Operating losses decreased by 0.4% in the first six months of 2009 as compared to the same period in 2008.
Capital Resources and Liquidity
The Company’s liquidity is influenced by many factors, including the amount and timing of the Company’s revenues, its cash collections from clients and the amounts the Company invests in software development, acquisitions and capital expenditures.
The Company’s principal source of liquidity is its cash, cash equivalents (which consist of money market funds) and short-term investments. At July 4, 2009, the Company had cash of $196.2 million, cash equivalents of $157.7 million, short-term investments of $30.2 million and working capital of $633.7 million compared to cash of $199.5 million, cash equivalents of $71.0 million, short-term investments of $38.4 million and working capital of $517.7 million at January 3, 2009.
During the second quarter of 2008, Fujitsu Services Limited’s (Fujitsu) contract as the prime contractor in the National Health Service (NHS) initiative to automate clinical processes and digitize medical records in the Southern region of England was terminated by the NHS. This had the effect of automatically terminating the Company’s subcontract for the project. At July 4, 2009, more than 10 percent of total net receivables represent accounts receivable and contracts receivable related to that subcontract. The Company and Fujitsu are in dispute regarding Fujitsu’s obligation to pay the amounts which comprise the receivables, and the parties are working to resolve these issues based on processes provided for in the contract. While the ultimate collectability of the receivables pursuant to this process is uncertain, management believes that it has valid and equitable grounds for recovery of such amounts and that collection of recorded amounts are probable.
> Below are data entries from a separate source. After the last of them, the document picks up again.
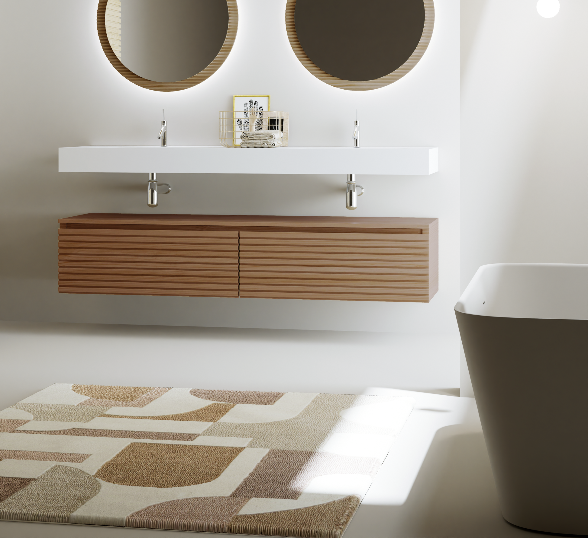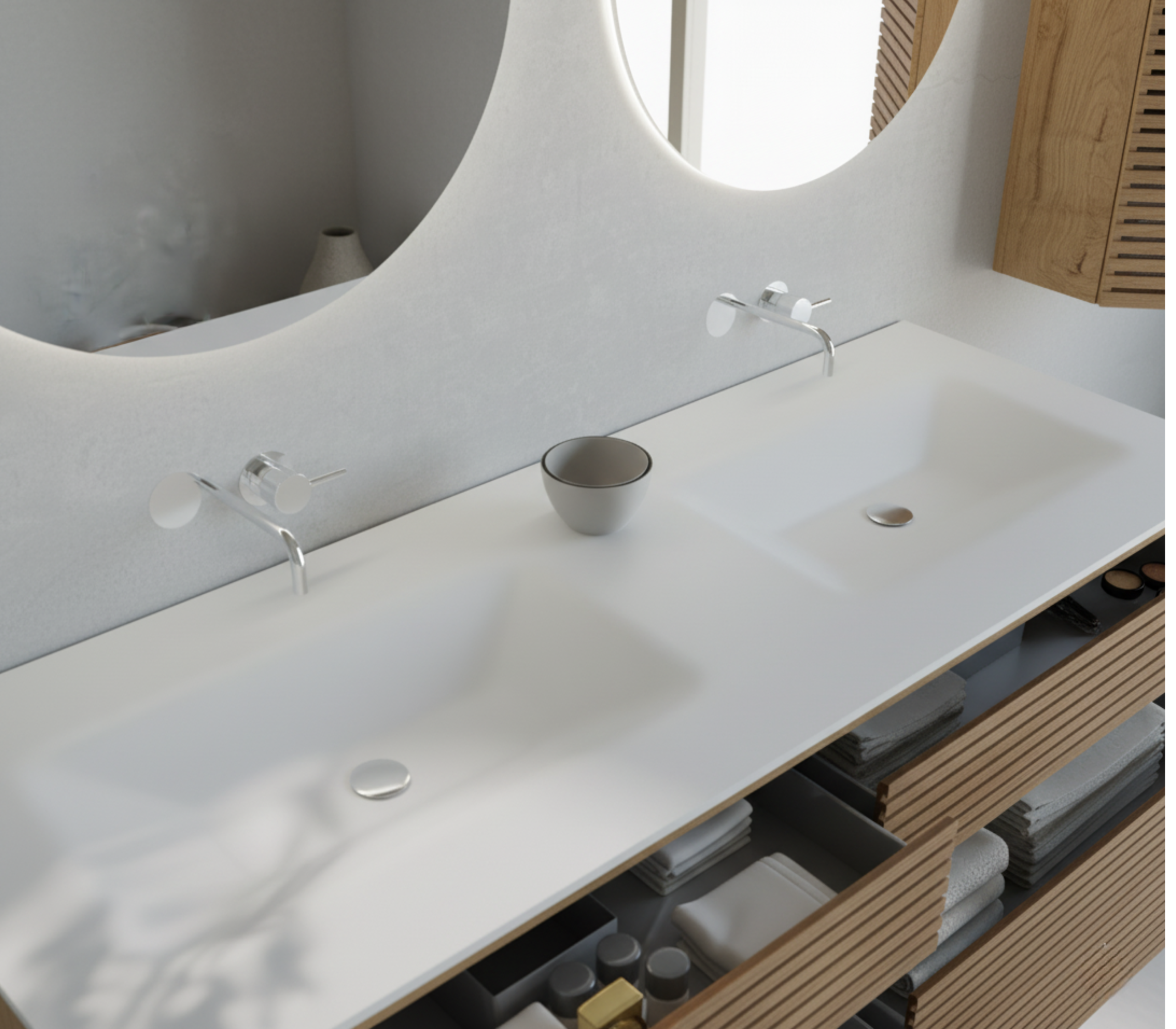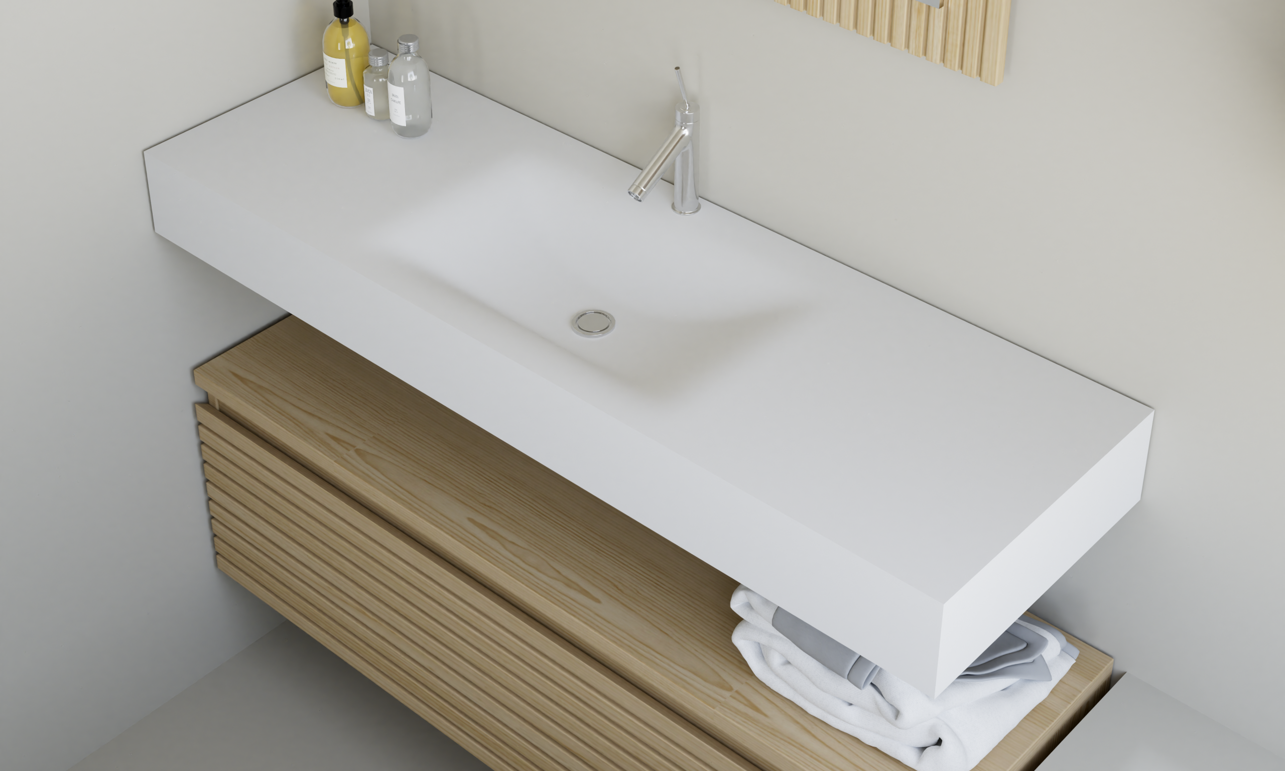 Lavabo Solid Surface 1 seno desplazado con faldon
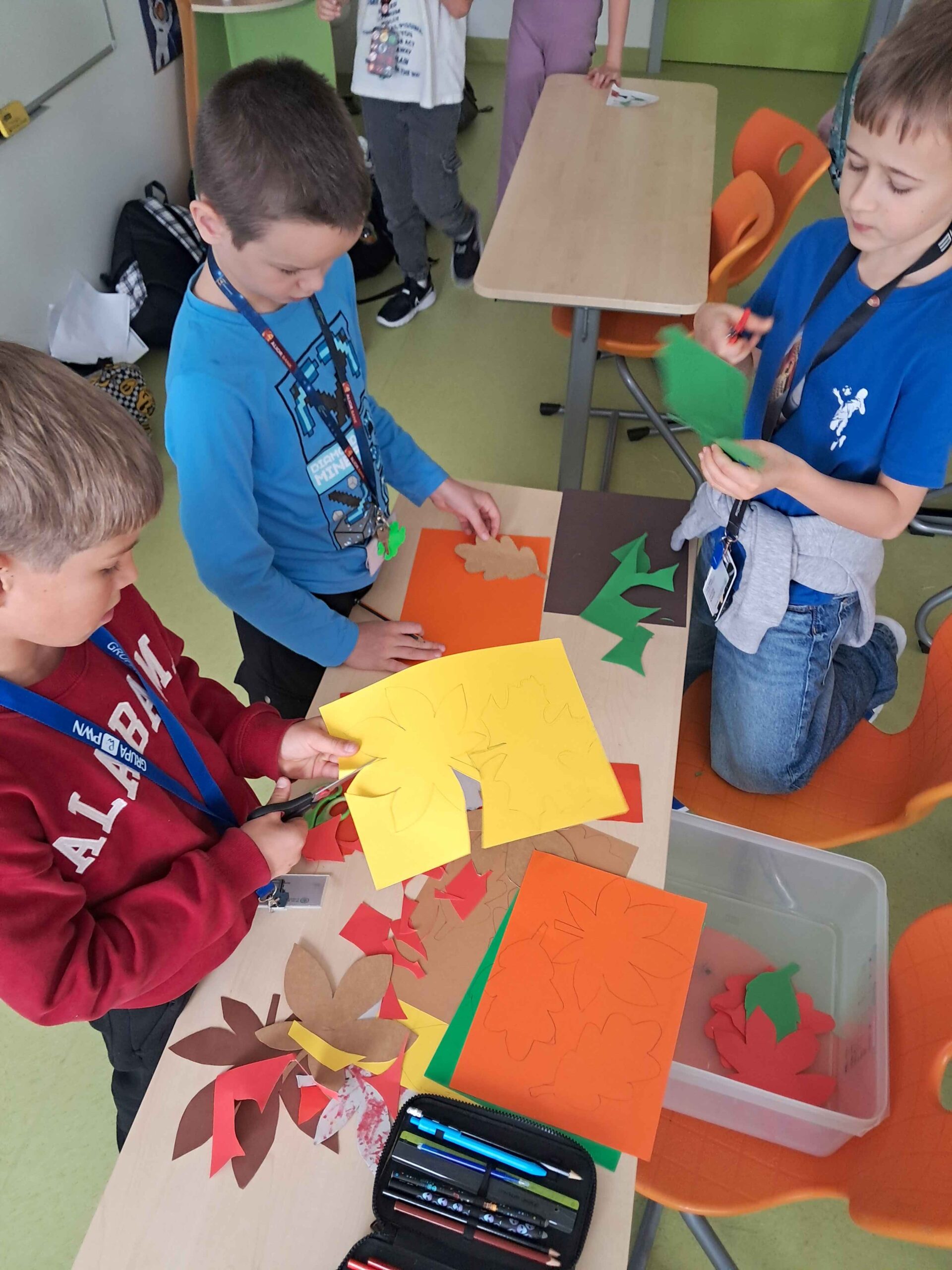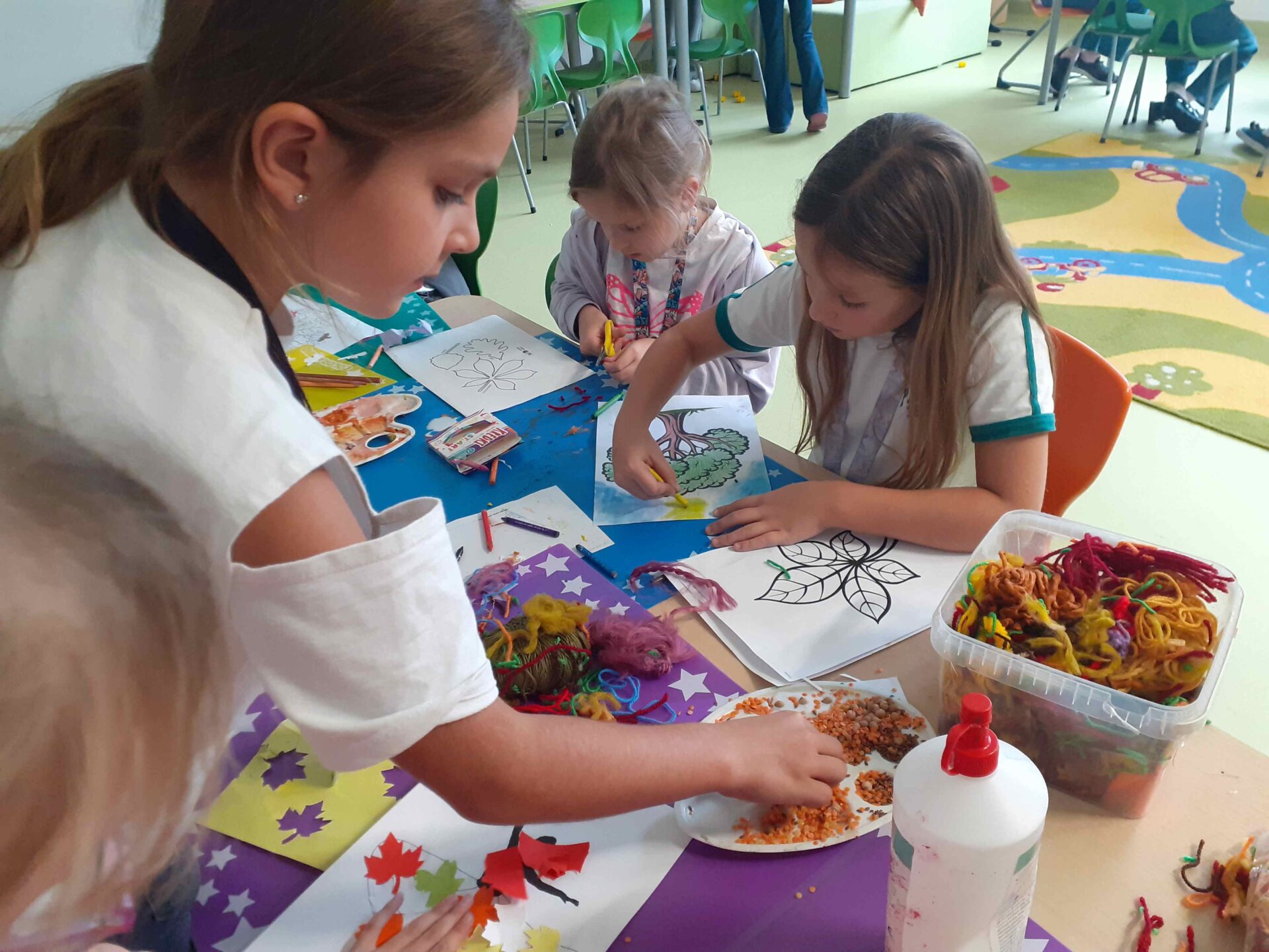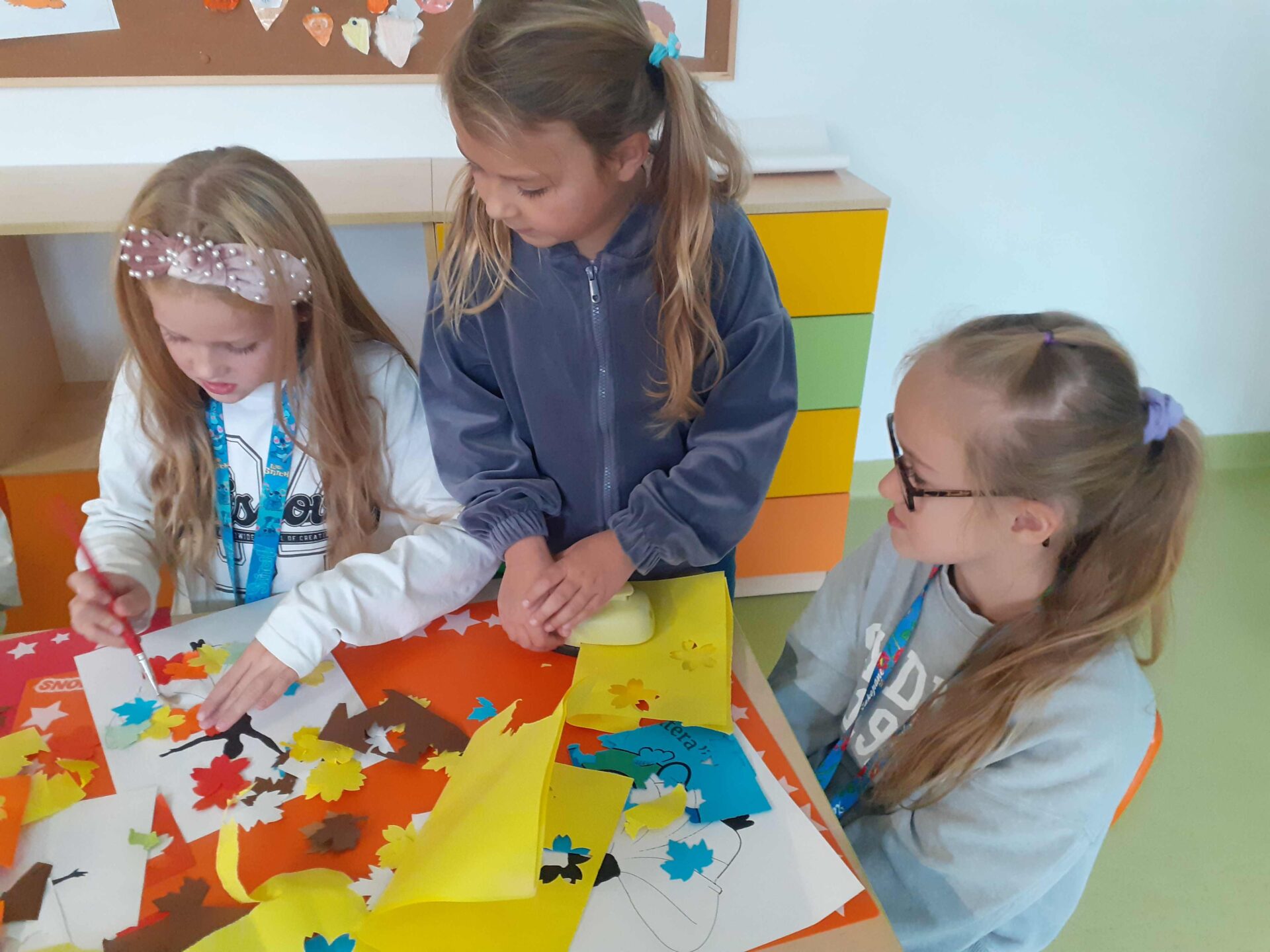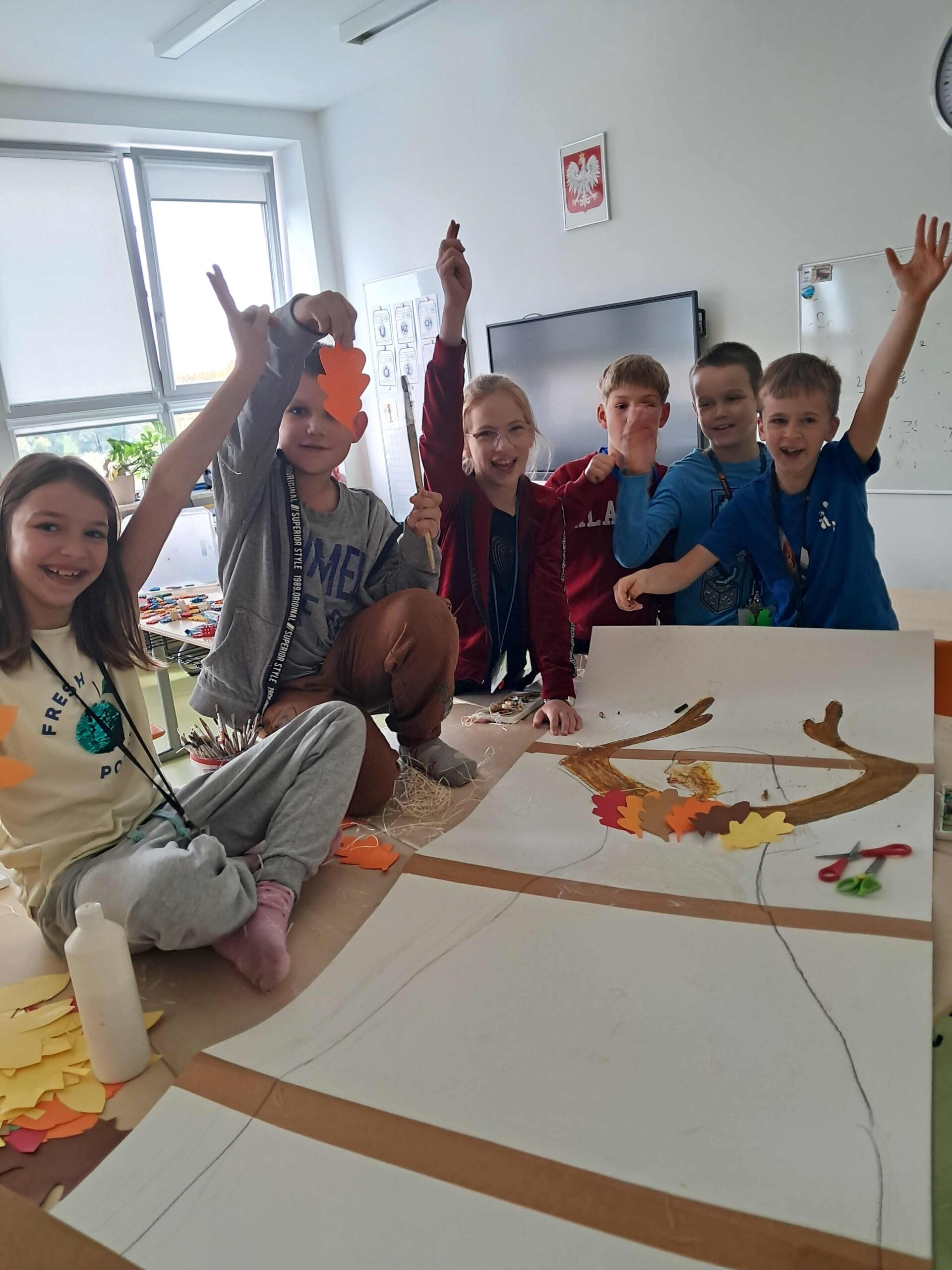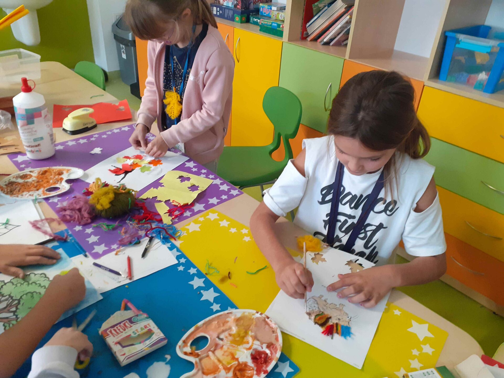 Za oknami feeria barw choć coraz mniej liści, mniej słońca, chłodniejsze i silniejsze podmuchy wiatru. Czuć prawdziwą jesień. Na szczęście w świetlicy atmosfera gorąca. W październik weszliśmy tanecznym krokiem. Mieliśmy przyjemność nauczyć się jednego z tańców pochodzących z regionu Mazowsza. Świetliczaki dowiedziały się więcej o naszej kulturze ludowej. Tworzyły również kolorowe wycinanki łowickie. Wśród prac plastycznych powstałych na początku jesieni wymienić można przygotowane przez uczniów drugich klas papierowe jabłuszka z robaczkami, które dumnie zawisły na drzewie zrobionym z papieru i krepiny. Bardzo ciekawy efekt przyniosło rozmieszczanie przez dzieci kawałków włóczki na konturach wydrukowanych darów jesieni – m.in. grzybów, żołędzi, jabłek, gruszek oraz kolorowanie całości. Jesienne drzewa pojawiły się na szarych talerzach – ich listki wycięte z kolorowego papieru mieniły się ciepłymi barwami. Natomiast drzewa pokryte farbą przez uczniów pierwszych klas zachwyciły swoją różnorodnością. W jednej z sal świetlicowych zawisły żołędzie zrobione ze styropianowych jaj pomalowanych na brązowo oraz ze sznurka, z którego uformowane zostały żołędziowe czapeczki. Również dzieci z trzecich i czwartych klas świetnie bawiły się przy tworzeniu Pani Jesieni, której kształt odwzorowywały na podstawie sylwetki jednej z uczennic. Jej suknię pokryły liście wycięte z kolorowego papieru, a włosy powstały ze sztucznego siana.
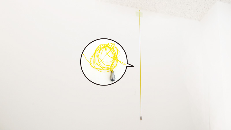 ①-1. 1枚目の壁紙を貼る位置に「下げ振り」を下げ、垂直に線を引きます。

At July 4, 2009, the Company held auction rate securities with a par value of $99.2 million and an estimated fair value of $89.1 million. In February and March 2008, liquidity issues in the global credit markets resulted in the progressive failure of auctions representing all the auction rate securities held by Cerner. These conditions persisted through the remainder of 2008 and into 2009. During the fourth quarter of 2008, the Company entered into a settlement agreement with the investment firm that sold the Company its auction rate securities. Under the terms of the settlement agreement, the Company received the right to redeem the securities at par value during a period from mid-2010 through mid-2012. The right to redeem the securities is being treated similar to a put option, which the Company has elected to measure under the fair value option of SFAS 159. At July 4, 2009, the Company’s valuation model resulted in an estimated fair value of $10.0 million for the value of the put-like settlement feature.
The Company anticipates that any future changes in the fair value of the put-like feature will be offset by the changes in the fair value of the related auction rate securities with no material net impact to the Condensed Consolidated Statements of Operations. For a more detailed discussion of the auction rate securities situation, please refer to Note (7) to the Condensed Consolidated Financial Statements. Cerner does not expect the auction failures to impact the Company’s ability to fund its working capital needs, capital expenditures or other business requirements.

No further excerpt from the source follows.